Terminal Velocity
In the Round Earth model, terminal velocity happens when the acceleration due to gravity is equal to the acceleration due to drag. In the Flat Earth model, however, there are no balanced forces: terminal velocity happens when the upward acceleration of the person is equal to the upward acceleration of the Earth.
Q: If gravity does not exist, how does terminal velocity work?
A: When the acceleration of the person is equal to the acceleration of the Earth, the person has reached terminal velocity.
Why is terminal velocity even a thing in the UA model of FE? It is a concept applicable to free falling bodies, which according to UA don’t exist. Things don’t fall…the earth rises up to meet them.
But it is a demonstrable fact that if a person jumps out of a plane the distance between the person and ground decreases at an increasing rate until at some point (depending or air density, humidity, weight…etc.), the distance begins decreasing at a constant rate.
What causes that if the earth is rising at a constant rate and there is no air resistance (because the person is not actually “falling” but is suspended motionless) to affect the rate at which the distance between the earth and person decreases? Not to mention the fact that when a skydiver opens a chute, the rate decreases…what would cause the decrease?
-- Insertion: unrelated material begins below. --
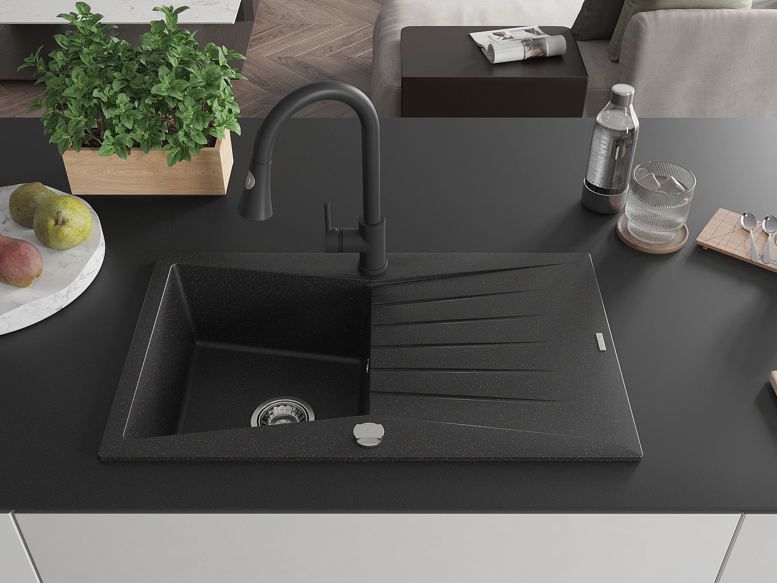 En väl skyddad yta på diskbänken förhindrar att smuts tränger in i dess inre strukturer. Tack vare detta är det ännu enklare att hålla diskbänken ren, och dess yta behåller sin estetik längre.

Again, it can’t be drag…because there is no drag on something that is not falling.
Also in the wiki...
One of the primary proofs for the Universal Accelerator is the fact that bodies fall without inertial resistance.
But in a non-vacuum environment bodies do fall with air resistance which wouldn’t be the case unless the body is
actually moving through the air and not just suspended motionless until the ground reaches it.
If you release a feather and a bowling ball at the same height and both are suspended motionless until the earth meets it…why does the earth reach the bowling ball first?